Values 160-255 are the same as unicode characters 160-255.
Thus the character sets ISO-8859-15 and windows-1252 include the euro character. There are other charsets too, but for me who have been using ISO-8859-1, these are the important ones. For information on other charsets including the euro character, see the links below.

More information on character sets, conversions and the Euro character is available on the excellent site http://www.eki.ee/letter.

Test results

I tested the charsets above with the most common browsers, to se how the euro character works with web pages, forms and urls. I found out that almost all or all versions of the Internet Explorer completely ignores charset settings. Other browsers support some or all of the charset settings, partially or completely. The good thing was though that all of the most common browsers, including mozilla, netscape, opera (windows & linux versions) and ie (windows version) supports the windows-1252 charset, when set in the content-type http header.

Changes needed

As the windows-1252 is a superset of the iso-8859-1 charset (meaning that windows-1252 contains all of the characters in iso-8859-1, and some more), it is pretty comfortable to use it for web pages in linux too, you can use iso-8859-1 while editing the documents.

What needs to be done is to add this line in the beginning of your document, preferrably in the <head> section:

<meta http-equiv="Content-Type" content="text/html; charset=windows-1252">

(possibly replacing a previous content-type setting).

By these lines, forms submitted will generate the same results with all browsers, with the exception of some of the older versions of opera for linux, which sends the euro character as code 129 instead of 128 which is the correct code in the windows-1252 charset.

To represent euro characters it is recommended to use the &#8364; instead of &euro;. Especially, even if using the character directly will work with some browsers, the support is the best possible when using the numerical format.

For those designing web services, you need to ensure your HTML encoders (if you have such) produce the correct encoded form for the euro character. It might also be recommended to encode the other characters special to windows-1252 (those not present in the iso-8859-1 character set) and some others as well. Here is the table I use for characters between 128-191:

CodeHTML formatDisplayed
128&#8364;
..&#8364;
130&#8218;
&#402;ƒ
&#8222;
&#8230;
&#8224;
..&#8225;
&#710;ˆ
&#8240;
&#352;Š
&#8249;
140&#338;Œ
-
&#381;Ž
-
-
..&#8216;
&#8217;
&#8220;
&#8221;
&#8226;
150&#8211;
&#8212;
&#732;˜
&#8482;
&#353;š
..&#8250;
&#339;œ
-
&#382;ž
&#376;Ÿ
160&nbsp; 
-
-
-
&#164;¤
..-
&#166;¦
-
&#168;¨
-
170-
-
-
-
-
..-
-
-
-
-
180&#180;´
-
-
-
&#184;¸
..-
-
-
&#188;¼
&#189;½
190&#190;¾
191-

In the table, "-" means no encoding is needed for that code.

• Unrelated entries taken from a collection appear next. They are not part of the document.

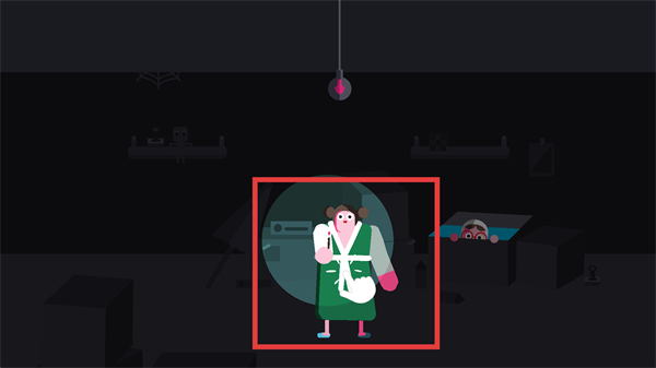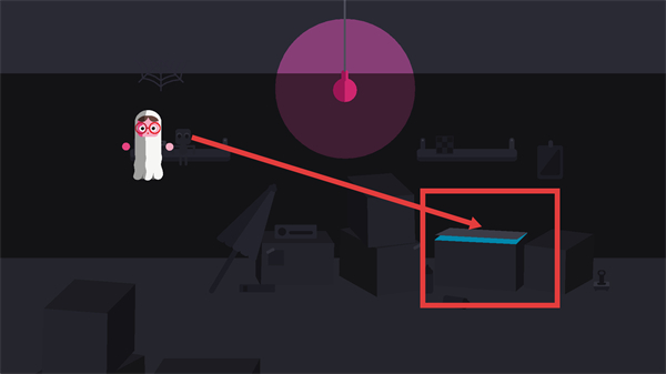 2、点亮后发现藏身处,快操控小幽灵躲进带蓝边的箱子里,这样能避开危险,悄悄推进剧情超刺激。
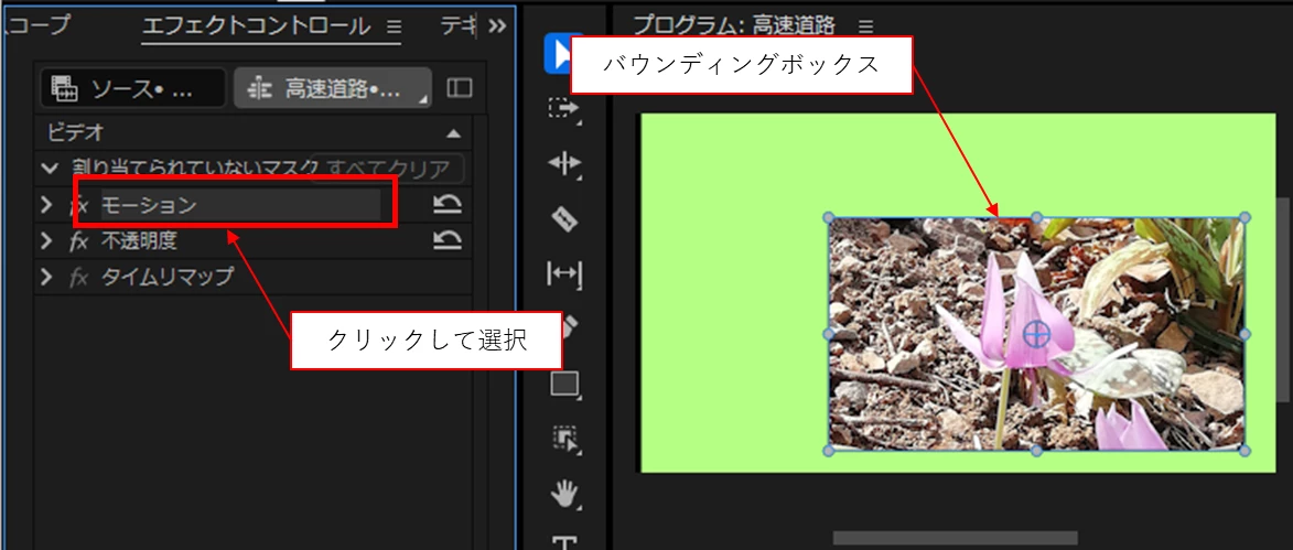 また「モーション」の文字の上でクリックして選択すると、「プログラムモニター」で写真の周囲に青色の「バウンディングボックス」が表示され、周囲の丸いハンドルの上にカーソルを置くと双方向矢印が表示されますので、それをドラッグすると拡大縮小ができます。さらに「バウンディングボックス」内部をドラッグして移動できます。
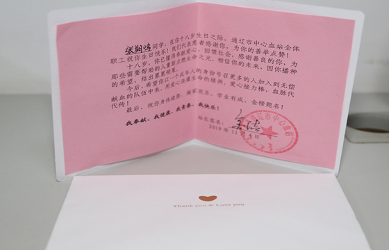 为表示对张朔鸣爱心献血的感谢,血站为张朔鸣定制了生日蛋糕庆祝他18岁特别的生日。无偿献血是一份小小的付出,却彰显了心存大爱的奉献精神,用实际行动弹奏了一曲无私献爱心的美妙乐章,为以后更好地融入到社会中,践行青春使命做好准备。
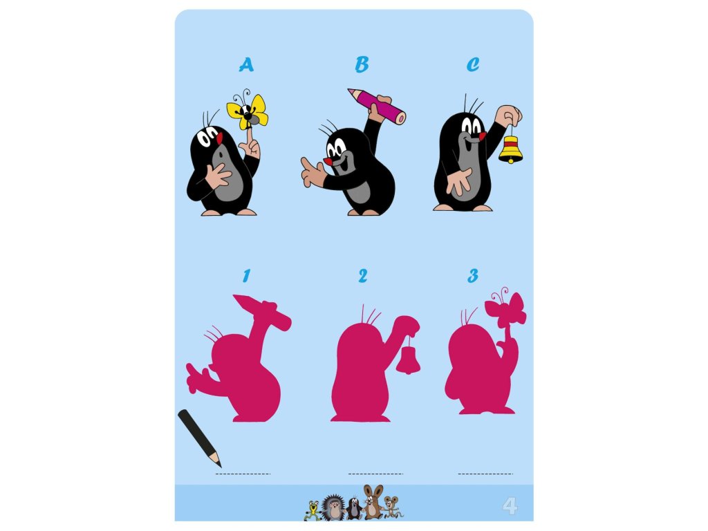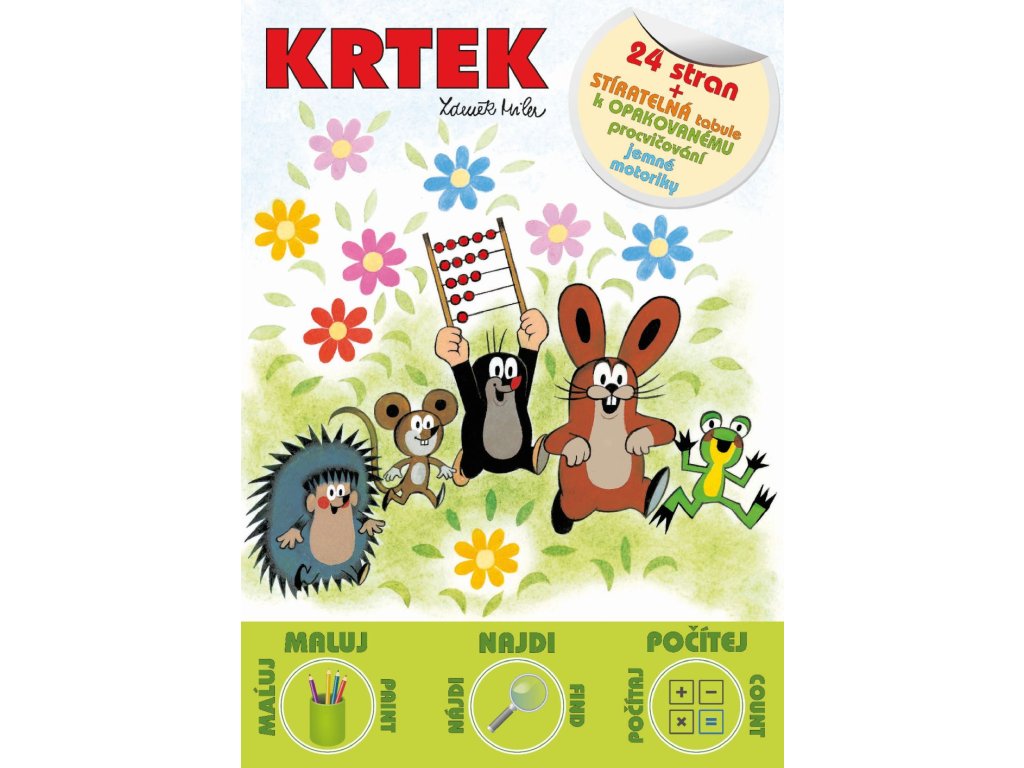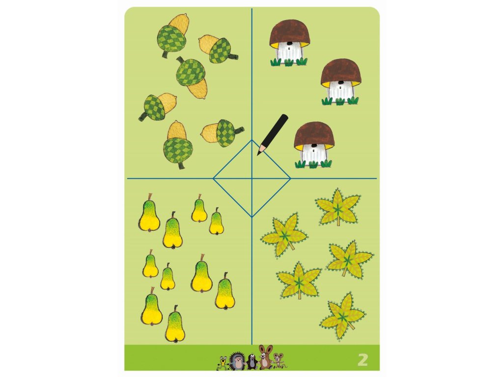 obálka s lesklou povrchovou úpravou + 24 vnitřních stran + stíratelná tabule, na každé stránce jsu aktivní prvky spojené s poznáváním barev, tvarůb včetně písmen a číslic, jednoduchého počítání, hlavolamy, bludiště, dětské sudoku atd., pro kontrolu správnosti je uvedeno správné řešeníDoplňkové parametry

Or, as a java string array:

String[] html_arr = {
    "&#8364;", "&#8364;", "&#8218;", "&#402;",
    "&#8222;", "&#8230;", "&#8224;", "&#8225;",
    "&#710;", "&#8240;", "&#352;", "&#8249;",
    "&#338;", null, "&#381;", null,
    null, "&#8216;", "&#8217;", "&#8220;",
    "&#8221;", "&#8226;", "&#8211;", "&#8212;",
    "&#732;", "&#8482;", "&#353;", "&#8250;",
    "&#339;", null, "&#382;", "&#376;",
    "&nbsp;", null, null, null,
    "&#164;", null, "&#166;", null,
    "&#168;", null, null, null,
    null, null, null, null,
    null, null, null, null,
    "&#180;", null, null, null,
    "&#184;", null, null, null,
    "&#188;", "&#189;", "&#190;", null,
};

Notes

You don't need any other setup to fully support euro characters etc. Especially, setting the charset for the content-type affect the whole document, including forms. So there's no need to set the accept-charsets parameter in the <form>s. It will default to the windows-1252 charset once it is set in the beginning of the document as described before.

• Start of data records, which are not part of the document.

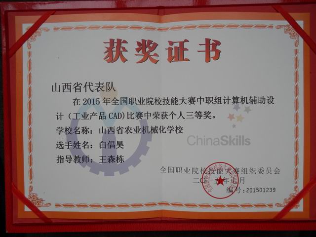 全國35個(gè)省市61所中職學(xué)校共160名選手參加了本項(xiàng)比賽,山西代表隊(duì)由山西省農(nóng)業(yè)機(jī)械化學(xué)校、太原市財(cái)貿(mào)學(xué)校、太原市信息技術(shù)學(xué)校、古交市職業(yè)中學(xué)、太谷縣職業(yè)中學(xué)5所學(xué)校組成。在4小時(shí)的激烈角逐中,白倡昊同學(xué)憑借學(xué)校培養(yǎng)的扎實(shí)基本功,克服了省賽與國賽軟件不一樣的技術(shù)困難,為山西代表隊(duì)贏得了一個(gè)三等獎。
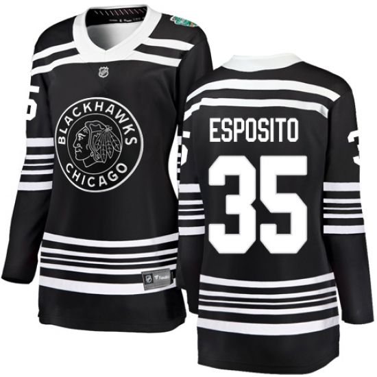 >Women's Chicago Blackhawks #35 Tony Esposito Black 2019 Winter Classic Fanatics Branded Breakaway NHL Jersey
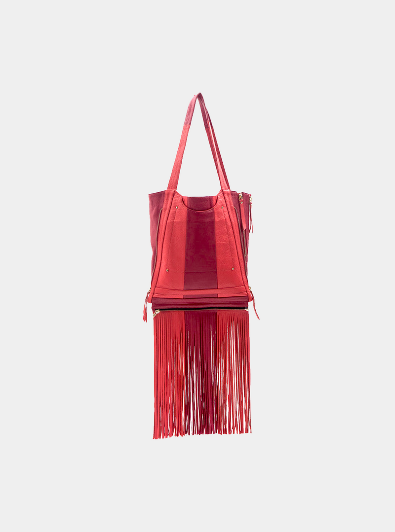 Stash your trainers, your makeup, and a quick-change of clothes, and then rock ‘n’ roll your way from yoga to work meeting to drinks without missing a beat. The TALA Jettaway is light on the shoulder, serious on style, and brimming with built-in bonuses: It’s equipped with front and back grab-and-go outer pockets for easy access to your most important stuff. The extra-long fringe at the base of the tote can be removed or swapped for another colour to give your bag added edge (extra leather fringe sold separately). The included crossbody strap makes hands-free jet-setting a cinch. Unzip the sides and the bag transforms from a triangular satchel (closed) into a rectangular stunner (open) to create more space for all your sundries and give your TALA Jettaway a totally different look.

Another way of setting the charset is setting the header automatically in the server, instead of setting it inside the html document. In this case, a http header named "Content-type" should be set to "text/html; charset=windows-1252". Note that if the line is both set in the http headers AND in the html document, the html document setting will override the http header value. Thus it is important for templated web pages not to override it with some other value than windows-1252.